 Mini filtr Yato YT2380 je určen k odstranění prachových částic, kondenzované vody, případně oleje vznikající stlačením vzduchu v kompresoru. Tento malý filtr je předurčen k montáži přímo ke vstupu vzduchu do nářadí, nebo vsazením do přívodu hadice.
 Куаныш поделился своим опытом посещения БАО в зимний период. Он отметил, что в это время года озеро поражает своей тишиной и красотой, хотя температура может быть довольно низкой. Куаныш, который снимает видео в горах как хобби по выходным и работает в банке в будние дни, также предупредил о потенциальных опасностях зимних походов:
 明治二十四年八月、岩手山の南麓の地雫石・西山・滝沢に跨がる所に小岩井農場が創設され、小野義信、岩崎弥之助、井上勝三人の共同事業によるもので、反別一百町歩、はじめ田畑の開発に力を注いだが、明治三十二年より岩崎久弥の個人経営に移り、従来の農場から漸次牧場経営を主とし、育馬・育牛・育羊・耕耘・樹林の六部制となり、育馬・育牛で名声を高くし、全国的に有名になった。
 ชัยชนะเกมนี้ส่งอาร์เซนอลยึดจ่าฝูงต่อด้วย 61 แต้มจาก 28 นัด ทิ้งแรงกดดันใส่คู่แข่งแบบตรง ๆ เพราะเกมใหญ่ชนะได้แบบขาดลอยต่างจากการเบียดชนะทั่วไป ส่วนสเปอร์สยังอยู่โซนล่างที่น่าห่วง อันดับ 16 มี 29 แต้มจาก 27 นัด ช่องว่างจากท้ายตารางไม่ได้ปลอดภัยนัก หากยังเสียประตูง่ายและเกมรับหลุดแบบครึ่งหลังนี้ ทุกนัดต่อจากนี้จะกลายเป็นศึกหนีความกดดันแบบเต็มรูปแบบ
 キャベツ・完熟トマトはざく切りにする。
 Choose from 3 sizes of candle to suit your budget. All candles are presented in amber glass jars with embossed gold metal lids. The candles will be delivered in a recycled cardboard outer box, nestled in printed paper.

__________________________________________________

Reproduce the records above exactly, from the first line through the line containing "明治二十四年八月、岩手山の南", and output nothing else.

## YOUR RESPONSE
 Mini filtr Yato YT2380 je určen k odstranění prachových částic, kondenzované vody, případně oleje vznikající stlačením vzduchu v kompresoru. Tento malý filtr je předurčen k montáži přímo ke vstupu vzduchu do nářadí, nebo vsazením do přívodu hadice.
 Куаныш поделился своим опытом посещения БАО в зимний период. Он отметил, что в это время года озеро поражает своей тишиной и красотой, хотя температура может быть довольно низкой. Куаныш, который снимает видео в горах как хобби по выходным и работает в банке в будние дни, также предупредил о потенциальных опасностях зимних походов:
 明治二十四年八月、岩手山の南麓の地雫石・西山・滝沢に跨がる所に小岩井農場が創設され、小野義信、岩崎弥之助、井上勝三人の共同事業によるもので、反別一百町歩、はじめ田畑の開発に力を注いだが、明治三十二年より岩崎久弥の個人経営に移り、従来の農場から漸次牧場経営を主とし、育馬・育牛・育羊・耕耘・樹林の六部制となり、育馬・育牛で名声を高くし、全国的に有名になった。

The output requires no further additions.